Рядом Витя, Язва, Кащей и подсевший к ним вор по кличке Жаренный вовсю резались в очко. Еще две группы заядлых картежников, дислоцирующиеся на нарах в разных концах камеры и со всех сторон окруженные болельщиками, озабоченно лупили картами по подушкам, игравшими роль столов. Настоящий же стол стонал от отчаянных ударов по нему фишками домино. Рядом от каждого удара подпрыгивали на доске шахматы. Публика интенсивно проводила свой досуг
.- Давай запишем! - ответил я, с удовольствием предвкушая бурную реакцию моего, теперь уже почти постоянного партнера.
- Братва! Кто знает, сколько примерно нам здесь торчать? - раздался взволнованный голос с нижних нар.
- До зимы! - поступил спокойный ответ сверху. - Как земля замерзнет, так по зимнику и попрем. А пока успокойся. Отдыхай! Куда торопиться? Ведь срок идет!
- Так надоело уже мотаться! Сколько можно? Пора бы уже к одному берегу! - не успокаивались нижние нары.
- Еще неизвестно, куда попадешь! А то затолкают на урановый рудник, тогда запляшешь! - констатировали верхние.
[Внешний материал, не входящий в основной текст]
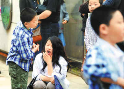 一名还没睡醒的年轻母亲蹲在地上打起了哈欠。(贾同军摄)
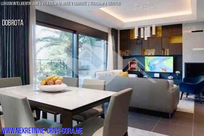 Město Dobrota (Kotor) prodává nový plně vybavený dům 210m2 se soukromým pozemkem 330m2.

Оппонент надолго замолчал, очевидно обдумывая методы извлечения из недр урановой руды.
- Кончил!!! - изо все сил заорал Колючий так, что вздрогнули все обитатели нашей камеры. Расщеперив колоду и демонстрируя мне свои очки, он подпрыгивал на заднице от удовольствия.
- Ты бы кончал поосторожнее, а то забеременеет твоя колода! - раздался чей-то насмешливый голос. - Сидеть еще долго. Куда ребенка-то денешь? Предохраняться надо.
Подъехал ужин. Колоды карт мгновенно попрятали. После трапезы с помощью алюминиевой кружки, которая играла роль и микрофона, и наушника, состоялся сеанс связи с соседними камерами. Было выяснено, где содержатся остальные участники нашего морского круиза, кто из воров еще находится на этой пересылке, и еще получено очень много различной полезной информации.
- Отбой! - стукнув для убедительности два раза в дверь, прокричал из коридора надзиратель. - Давайте укладывайтесь!…
БУДЬ ПРОКЛЯТА ТЫ, КОЛЫМА
К этому времени стаж в воровской жизни был у меня уже солидный, но по молодости лет я еще не имел права называться вором и пользоваться всеми преимуществами, которые давало это звание. Чахотка и Чуб с большим энтузиазмом взялись за мое воспитание. С согласия остальных воров мне было разрешено присутствовать на сходках, правда, без права участия в дебатах. То есть я мог сидеть, набираться разума и помалкивать.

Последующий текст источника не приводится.